## Work task
Please write out all the data that follows exactly, without the pictures.
++++ Information provided
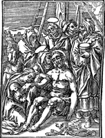 Description: Joseph of Arimathea removes Jesus' body from the cross. The monogram of the artist, Christoffel van Sichem (1546-1624), appears at the bottom in the middle.
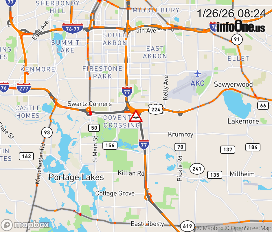 The right lane is blocked on I-77 South at US-224 East, due to a crash. ![]() |
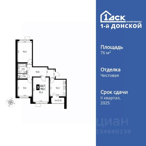 Прямая продажа от застройщика! Жилой Комплекс класса Комфорт Плюс. Продаётся 3-к квартира номер 129 общей площадью 76.1 кв.м. на 13-м этаже 21 этажного дома. Чистовая отделка. Цена с учётом скидки! Особенности квартиры: - МЦД-5 в пешей доступности - Квартал с собственной набережной - Свои 2 детских сада и школа - Просторная спальня, в которой можно разместить большую кровать. - Гостевой санузел - комфорт и удобство для ваших гостей. - Просторная мягкая зона - комфорт и уют для отдыха всей семьи. - Возможность добавить спальное место - дополнительный комфорт для гостей. - Ниша под шкаф - компактное и удобное место для вещей. - Лоджия - уютное место для отдыха и тишины. Информация о комплексе: Комплекс 1-й Донской расположен в 7 км от МКАД по трассе М-4 Дон. В нем сочетаются все плюсы комфортной городской среды и природного окружения. В проекте достаточно большой процент квартир, выходящих на 2-3 стороны света. Секции-маяки формируют у зданий визуальную L-форму, что придает застройке структуру и ритмику объемов. На ощущение динамики работает и разная этажность зданий. Теплая цветовая палитра фасадов отражает природу Дона. Вечерами дома преображаются благодаря архитектурной подсветке, выгодно выделяясь на городском фоне. Природа оказывает положительное влияние на человека на всех уровнях восприятия: через зрение, запахи, звуки, тактильные ощущения. Неподалеку от ЖК Первый Донской: Ермолинский парк, Видновский лесопарк, Жуковский парк Транспортная доступность: Комплекс удобно расположен в 7 км от МКАД по трассе М-4 Дон (через Видное). Расстояние до Каширского шоссе составляет 12 км. Добраться до метро и центра Москвы позволяет развитая сеть маршрутов общественного наземного транспорта. Действующая ж/д станция Калинина Павелецкого направления в 15-17 минутах ходьбы (МЦД-5 в 2025-2026 гг). Внутренняя инфраструктура: Проект 1-й Донской соседствует с бурно развивающимся районом, основная инфраструктура которого уже сложилась. В строительстве современных жилых комплексов в округе есть свои плюсы: здесь формируется продуманная и комфортная городская среда. Что касается внутренней инфраструктуры, на территории квартала будут расположены собственные муниципальные 2 детских садика и школа, которые помогут совместить приятное с полезным. Территория комплекса пронизана целой сетью живописных пешеходных маршрутов, позволяющих попасть в любой уголок района. Основные пути, как водится, "торговые". Они проходят вдоль магазинов, кафе и других представителей коммерции и отделяются от проезжей части зеленой "фито" - стеной. Среди крупных социальных объектов предусмотрены своя поликлиника и торговый центр с примыкающей площадью для общественных мероприятий. Уют начинается с продуманного подъезда. Сквозные подъезды наполнены светом благодаря сплошному остеклению. Вход в них есть и с улицы, и со двора.
++++++++
## Task response
 Description: Joseph of Arimathea removes Jesus' body from the cross. The monogram of the artist, Christoffel van Sichem (1546-1624), appears at the bottom in the middle.
 The right lane is blocked on I-77 South at US-224 East, due to a crash. ![]() |
 Прямая продажа от застройщика! Жилой Комплекс класса Комфорт Плюс. Продаётся 3-к квартира номер 129 общей площадью 76.1 кв.м. на 13-м этаже 21 этажного дома. Чистовая отделка. Цена с учётом скидки! Особенности квартиры: - МЦД-5 в пешей доступности - Квартал с собственной набережной - Свои 2 детских сада и школа - Просторная спальня, в которой можно разместить большую кровать. - Гостевой санузел - комфорт и удобство для ваших гостей. - Просторная мягкая зона - комфорт и уют для отдыха всей семьи. - Возможность добавить спальное место - дополнительный комфорт для гостей. - Ниша под шкаф - компактное и удобное место для вещей. - Лоджия - уютное место для отдыха и тишины. Информация о комплексе: Комплекс 1-й Донской расположен в 7 км от МКАД по трассе М-4 Дон. В нем сочетаются все плюсы комфортной городской среды и природного окружения. В проекте достаточно большой процент квартир, выходящих на 2-3 стороны света. Секции-маяки формируют у зданий визуальную L-форму, что придает застройке структуру и ритмику объемов. На ощущение динамики работает и разная этажность зданий. Теплая цветовая палитра фасадов отражает природу Дона. Вечерами дома преображаются благодаря архитектурной подсветке, выгодно выделяясь на городском фоне. Природа оказывает положительное влияние на человека на всех уровнях восприятия: через зрение, запахи, звуки, тактильные ощущения. Неподалеку от ЖК Первый Донской: Ермолинский парк, Видновский лесопарк, Жуковский парк Транспортная доступность: Комплекс удобно расположен в 7 км от МКАД по трассе М-4 Дон (через Видное). Расстояние до Каширского шоссе составляет 12 км. Добраться до метро и центра Москвы позволяет развитая сеть маршрутов общественного наземного транспорта. Действующая ж/д станция Калинина Павелецкого направления в 15-17 минутах ходьбы (МЦД-5 в 2025-2026 гг). Внутренняя инфраструктура: Проект 1-й Донской соседствует с бурно развивающимся районом, основная инфраструктура которого уже сложилась. В строительстве современных жилых комплексов в округе есть свои плюсы: здесь формируется продуманная и комфортная городская среда. Что касается внутренней инфраструктуры, на территории квартала будут расположены собственные муниципальные 2 детских садика и школа, которые помогут совместить приятное с полезным. Территория комплекса пронизана целой сетью живописных пешеходных маршрутов, позволяющих попасть в любой уголок района. Основные пути, как водится, "торговые". Они проходят вдоль магазинов, кафе и других представителей коммерции и отделяются от проезжей части зеленой "фито" - стеной. Среди крупных социальных объектов предусмотрены своя поликлиника и торговый центр с примыкающей площадью для общественных мероприятий. Уют начинается с продуманного подъезда. Сквозные подъезды наполнены светом благодаря сплошному остеклению. Вход в них есть и с улицы, и со двора.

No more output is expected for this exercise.